# [Task brief]
Every line of the material below needs to be copied exactly; omit the pictures.

# [Collected material]
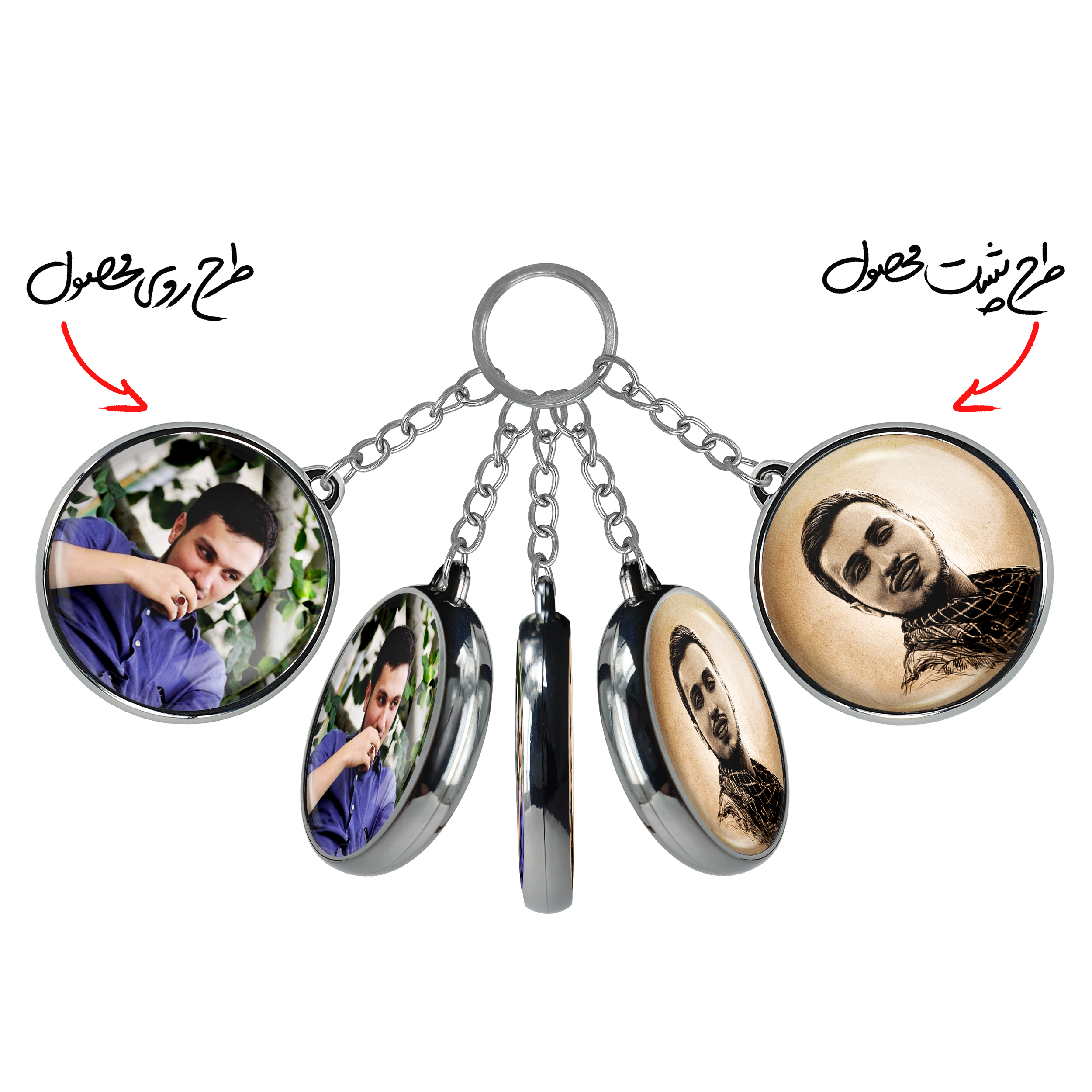 جاکلیدی دوطرفه شهید جهاد مغنیهخندالو محصولی کاربردی و جدید است که در هر دو سمت محصول، تصویری متفاوت اما از یک موضوع چاپ شده و تفاوت اصلی آن با جاکلیدی های یک طرفه در همین است که هر دو سمت پشت و روی جاکلیدی، طرحی دیدنی و جذاب دارد. همچنین رینگ بکار برده شده برای دور طرح ها آبکاری کروم درجه یک و رنگ ثابت است و برخلاف سایر محصولات مشابه، از رنگ های متفرقه و یا سفید استفاده نشده، که این مهم، زیبایی محصول نهایی را چند برابر کرده است. جاکلیدی های دوطرفه شهید جهاد مغنیهبا استفاده از روکش سلفون براق ضدخش تولید شده که خاصیت ضدخش بودن آن عمر مفید استفاده از جاکلیدی ها را افزایش میدهد. چاپ جاکلیدی ها با دستگاه های استاندارد و با بهترین سطح کیفیت صورت گرفته و طرح با شفافیتی مثال زدنی و با سلفون چسبی تولید شده است که باعث شده محصول نهایی بدون شکست نور دیده شود. همچنین بسته بندی جذاب و مینیمال جاکلیدی دوطرفه شهید جهاد مغنیه، آنها را محصولی مناسب هدیه کرده است. زنجیر و حلقه بکار برده شده در جاکلیدی خندالو از نوع حلقه ضخیم و محکم بوده و حین استفاده آسیب نمی بیند.
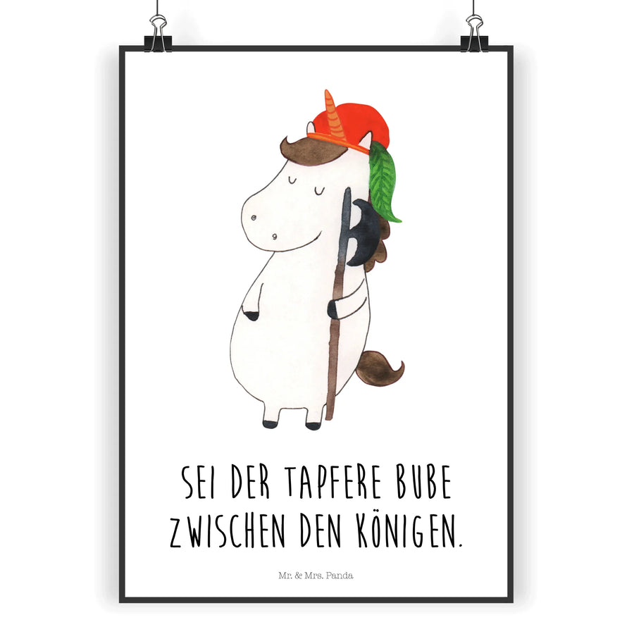 Einhörner Motiv – Einhorn Bube mit Helm & Stock von Mr. & Mrs. Panda, ideal als Geschenk
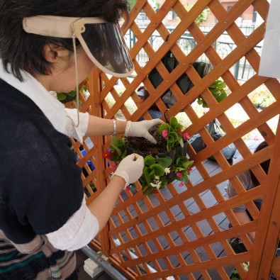 ハンギングバスケット作成には、係員が丁寧に説明します。

# [Reply to the task]
 جاکلیدی دوطرفه شهید جهاد مغنیهخندالو محصولی کاربردی و جدید است که در هر دو سمت محصول، تصویری متفاوت اما از یک موضوع چاپ شده و تفاوت اصلی آن با جاکلیدی های یک طرفه در همین است که هر دو سمت پشت و روی جاکلیدی، طرحی دیدنی و جذاب دارد. همچنین رینگ بکار برده شده برای دور طرح ها آبکاری کروم درجه یک و رنگ ثابت است و برخلاف سایر محصولات مشابه، از رنگ های متفرقه و یا سفید استفاده نشده، که این مهم، زیبایی محصول نهایی را چند برابر کرده است. جاکلیدی های دوطرفه شهید جهاد مغنیهبا استفاده از روکش سلفون براق ضدخش تولید شده که خاصیت ضدخش بودن آن عمر مفید استفاده از جاکلیدی ها را افزایش میدهد. چاپ جاکلیدی ها با دستگاه های استاندارد و با بهترین سطح کیفیت صورت گرفته و طرح با شفافیتی مثال زدنی و با سلفون چسبی تولید شده است که باعث شده محصول نهایی بدون شکست نور دیده شود. همچنین بسته بندی جذاب و مینیمال جاکلیدی دوطرفه شهید جهاد مغنیه، آنها را محصولی مناسب هدیه کرده است. زنجیر و حلقه بکار برده شده در جاکلیدی خندالو از نوع حلقه ضخیم و محکم بوده و حین استفاده آسیب نمی بیند.
 Einhörner Motiv – Einhorn Bube mit Helm & Stock von Mr. & Mrs. Panda, ideal als Geschenk
 ハンギングバスケット作成には、係員が丁寧に説明します。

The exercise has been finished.